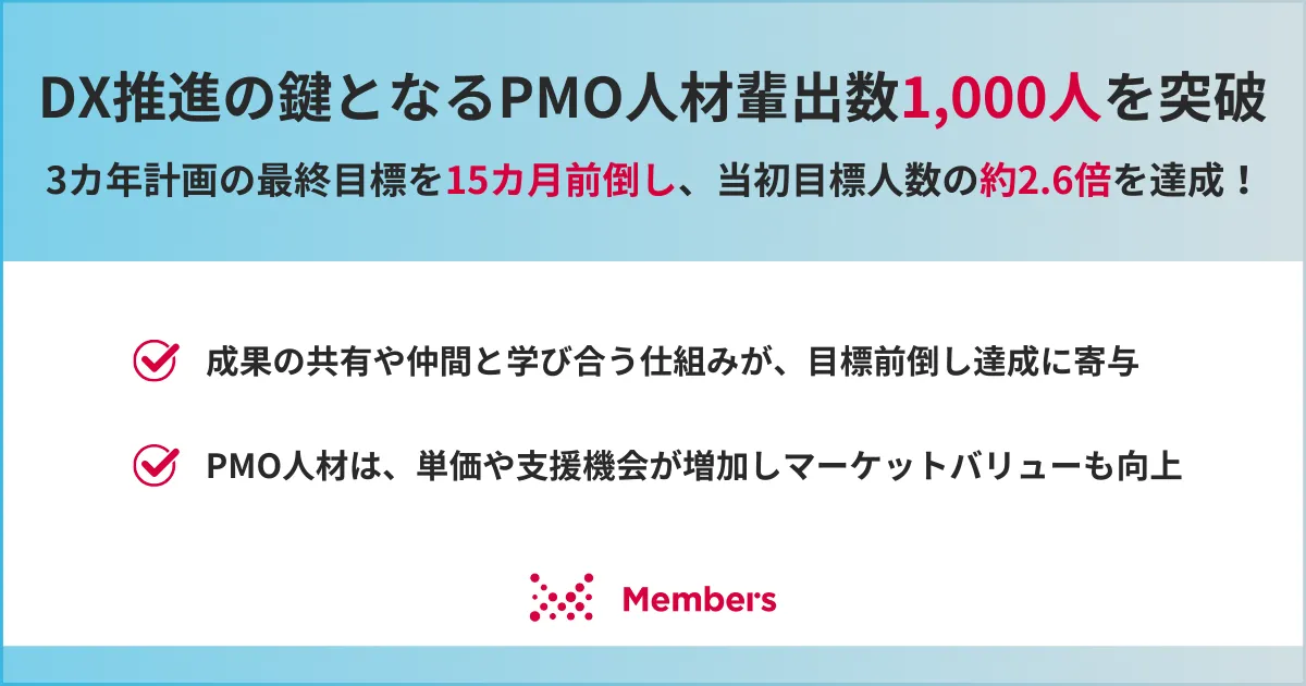 株式会社メンバーズ(以下メンバーズ)は、2024年5月に企業のデジタルトランスフォーメーション(DX)推進を目的としたプロジェクトマネジメント支援の一環として、PMO(プロジェクト・マネジメント・オフィス)人材の育成を開始しました。目標として掲げた1,000人の輩出数が、2025年12月時点で達成され、さらにその数は当初目標の約2.6倍に達しました。この成功事例は、DX人材の需給ギャップが叫ばれるなかでの重要な成果と言えるでしょう。
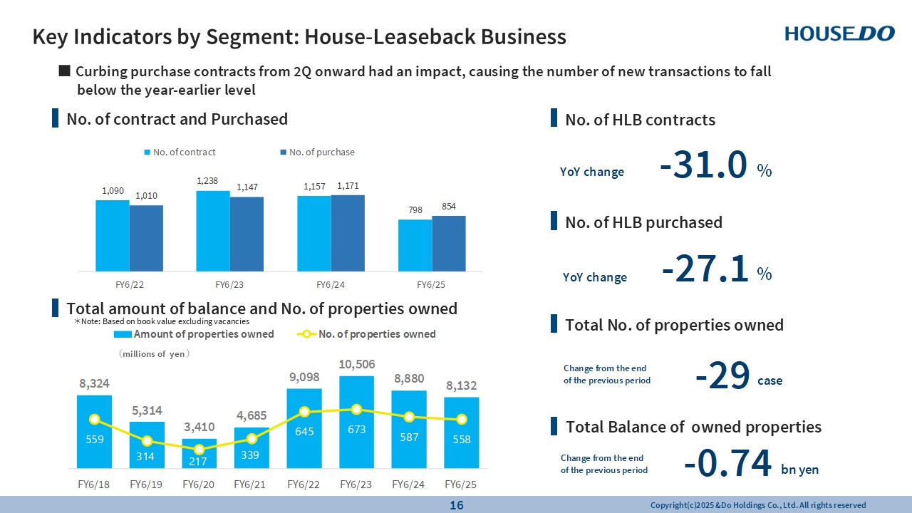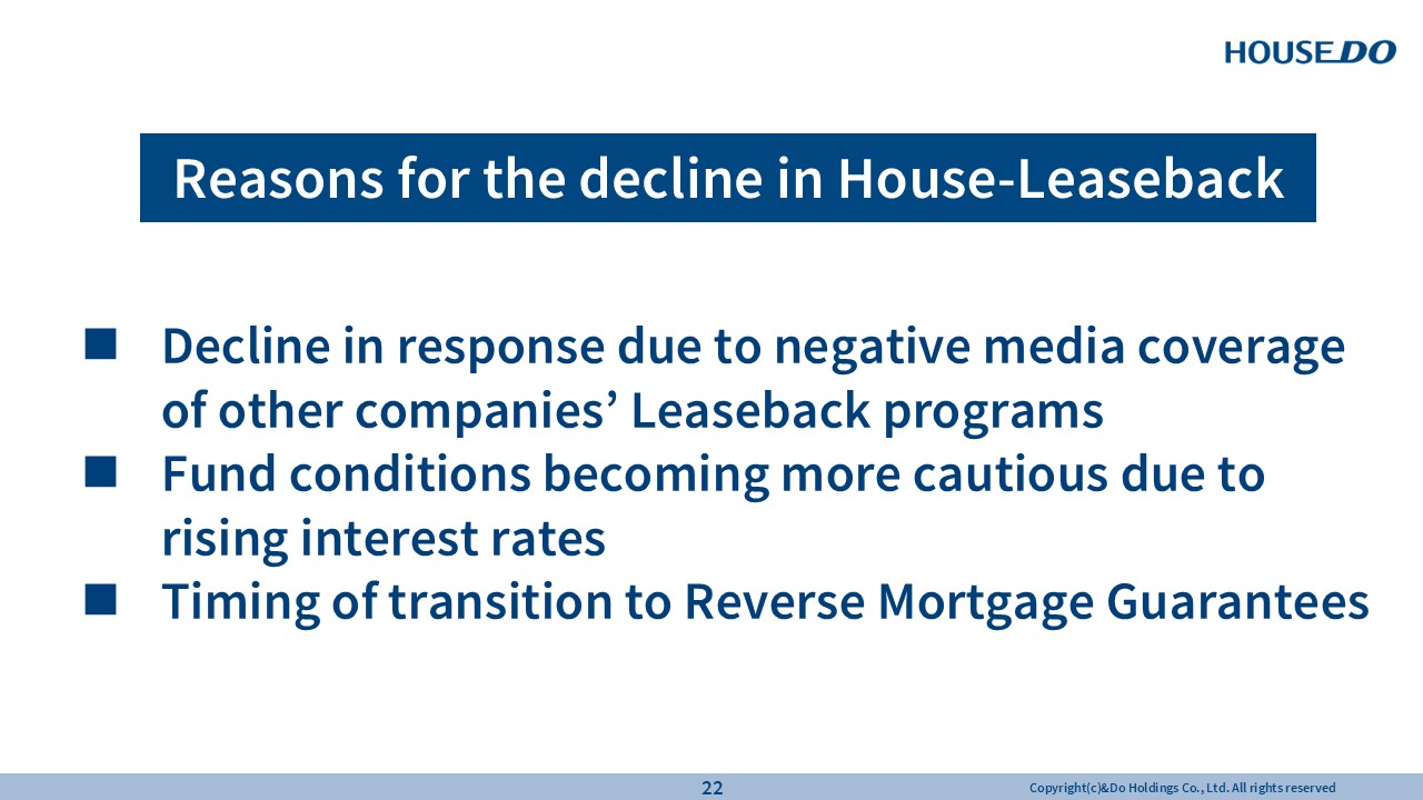 As for the reason behind the downsizing of the House-Leaseback Business, we believe we have addressed this on several occasions: it stems from negative media coverage surrounding leaseback services. In the first half of this year, various media outlets reported on highly problematic practices by certain operators, which led to a decline in inquiries. While we believe inquiries have since recovered, we continue to feel that handling customer relationships in this area has become extremely difficult.
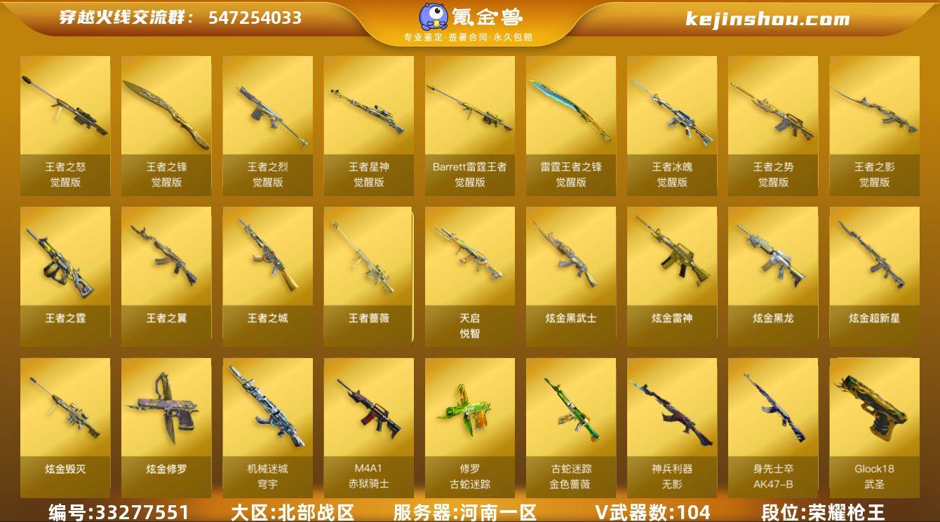 【ky6828】河南一区-118V-19王者武器数-10炫金武器数 【热门武器】:QBZ03-金色蔷薇,Scar Light-白虎,HK417-朱雀,M200-幻神,金色蔷薇-古蛇迷踪,修罗-古蛇迷踪,死亡之眼*3,金色小号,C.A.T,M4A1-黑骑士*2,汤姆逊-烈龙*6,RPK-盘龙*6,加特林-炼狱,USP-钞能力灵狐,羊驼玩偶,沙鹰-修罗,炽芒蝶刃 【王者炫金武器】:王者之城,天启-悦智,王者之翼,王者蔷薇,王者之霆,高爆手雷-雷霆王者,烟雾弹-雷霆王者,炫金黑龙*3,炫金雷神,炫金武士,炫金超新星,炫金毁灭,炫金修罗*3 【音效卡】:M4A1-雷神音效卡,M4A1-黑龙音效卡,M4A1-黑骑士音效卡,Barrett-毁灭音效卡,枪娘语音包-阿敏 【皮肤】:幻神-曹操 皮肤,雷神-暗月,雷神-源计划2.0专属 皮肤,火麒麟-雷神,火麒麟-平天大圣,火麒麟-心动糖果,毁灭-星空,毁灭-战神张飞,毁灭-黑大圣皮肤,毁灭-风暴,毁灭-魔灵皮肤,毁灭-直播专属,黑龙-暗月,无影-能量核心,战神-粉色甜心皮肤,战神-紫绶金章皮肤,战神-流金岁月皮肤,AK47-B-常胜将军-刘备*3,AK47-B-常胜将军-孙权,修罗-能量核心,修罗耀金皮肤 【角色】:零,樱,炫,电竞教官-云悠悠,王者樱-热浪之夏,王者-葵-貂蝉,王者葵-惊若翩鸿,王者之瞳...

——

What the task requires :: Reproduce the material above in full and without alteration, but skip all pictures.

Exercise result ::
 株式会社メンバーズ(以下メンバーズ)は、2024年5月に企業のデジタルトランスフォーメーション(DX)推進を目的としたプロジェクトマネジメント支援の一環として、PMO(プロジェクト・マネジメント・オフィス)人材の育成を開始しました。目標として掲げた1,000人の輩出数が、2025年12月時点で達成され、さらにその数は当初目標の約2.6倍に達しました。この成功事例は、DX人材の需給ギャップが叫ばれるなかでの重要な成果と言えるでしょう。
 As for the reason behind the downsizing of the House-Leaseback Business, we believe we have addressed this on several occasions: it stems from negative media coverage surrounding leaseback services. In the first half of this year, various media outlets reported on highly problematic practices by certain operators, which led to a decline in inquiries. While we believe inquiries have since recovered, we continue to feel that handling customer relationships in this area has become extremely difficult.
 【ky6828】河南一区-118V-19王者武器数-10炫金武器数 【热门武器】:QBZ03-金色蔷薇,Scar Light-白虎,HK417-朱雀,M200-幻神,金色蔷薇-古蛇迷踪,修罗-古蛇迷踪,死亡之眼*3,金色小号,C.A.T,M4A1-黑骑士*2,汤姆逊-烈龙*6,RPK-盘龙*6,加特林-炼狱,USP-钞能力灵狐,羊驼玩偶,沙鹰-修罗,炽芒蝶刃 【王者炫金武器】:王者之城,天启-悦智,王者之翼,王者蔷薇,王者之霆,高爆手雷-雷霆王者,烟雾弹-雷霆王者,炫金黑龙*3,炫金雷神,炫金武士,炫金超新星,炫金毁灭,炫金修罗*3 【音效卡】:M4A1-雷神音效卡,M4A1-黑龙音效卡,M4A1-黑骑士音效卡,Barrett-毁灭音效卡,枪娘语音包-阿敏 【皮肤】:幻神-曹操 皮肤,雷神-暗月,雷神-源计划2.0专属 皮肤,火麒麟-雷神,火麒麟-平天大圣,火麒麟-心动糖果,毁灭-星空,毁灭-战神张飞,毁灭-黑大圣皮肤,毁灭-风暴,毁灭-魔灵皮肤,毁灭-直播专属,黑龙-暗月,无影-能量核心,战神-粉色甜心皮肤,战神-紫绶金章皮肤,战神-流金岁月皮肤,AK47-B-常胜将军-刘备*3,AK47-B-常胜将军-孙权,修罗-能量核心,修罗耀金皮肤 【角色】:零,樱,炫,电竞教官-云悠悠,王者樱-热浪之夏,王者-葵-貂蝉,王者葵-惊若翩鸿,王者之瞳...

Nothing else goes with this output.